Why does it seem so dangerous to be yourself? Maybe because the inner "I" does not exist. The German philosopher Thomas Metzinger, director of the Department of Neuroethics and the MIND Group at the University. Johann Gutenberg. “There are no personalities,” writes Metzinger in the book “Being a Nobody: A Personal Model of the Theory of Subjectivity” [Being No One: The Self-Model Theory of Subjectivity]. "No one has ever had a personality, and no one was."

Metzinger believes that our mind stores only a distorted version of itself, a “phenomenological self,” seeing the world through a window, but not able to see a window. By confusing the concept of “self” with a real “self”, we are trying to achieve coherence, but as a result we accept that we act like one person on Tuesday, a slightly different version of this person on Wednesday, and God knows what awaits us by the weekend.
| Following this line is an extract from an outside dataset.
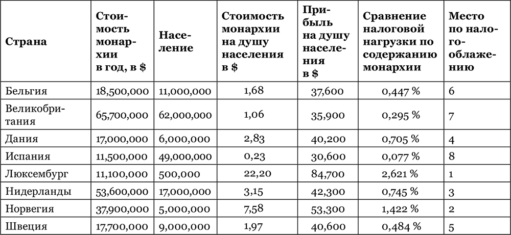 Ниже приведена сравнительная таблица, которая вносит ясность в спорный вопрос о дороговизне монархий. Ведь дело состоит не в том, какова итоговая сумма на содержание королевских домов в Цивильном листе, а каково соотношение налоговой нагрузки содержания монархии на душу населения. Несмотря на то, что британская монархия всегда считалась самой дорогой (исходя из суммы указанной в Цивильном листе), она стоит всего лишь на седьмом месте по обременительности для налогоплательщиков, обходясь британцам примерно в стоимость пакета молока (около 66 пенсов)[344], в то время как люксембуржцы вынуждены отдавать 22$в год.

Metzinger says that our flimsy designs of "ourselves" are based on a central principle. “There is a fear management theory that claims that many cultural advances are just attempts to cope with the fear that appears when we are aware of our mortality,” he says. “The realization that you will die creates an overwhelming conflict in our model of self.” Sometimes I call it a cleft or a rift, a deep existential wound inflicted on us by this awareness - all my deep emotional structures say that this should not happen, and my model tells me that this should happen. ”

Our "I" is determined by our hints of mortality. She separates us from nothing. It is not surprising that we enjoy being inside our personalities. And now we have an ideal environment for this. MIT psychologist Sheri Turkle [Sherry Turkle], author of “Second Me: Computers and the Human Spirit” [The Second Self: Computers and the Human Spirit] calls the social network “identification technology”. “You can be that. You may have such friends. You may have these connections. “You can have this love, this confession, followers, people who want to be with you,” she says. “People need this connection.” And often they become online chameleons to get it.

And for professionals of this business spotlights burn brightly as never before. As the famous New Yorker cartoon says, “nobody knows you're a dog.” Take a fictitious name, add a “Ph.D.” in a self-published book, or simply write blogs pretending to be an expert — such digital impostors thrive on the Web. You do not really believe these beautiful photos from Facebook?

Each of us is a drawing of a cubist, not having one portrait for himself. Not surprisingly, we are drawn to those who look so confident in themselves and who they are. These insidious artists offer us such self-portraits, which seem comparable in skill with Rembrandt. Ferdinand Demar. Frank Abagnale Leonard Zelig. And you? Who are you trying to fool?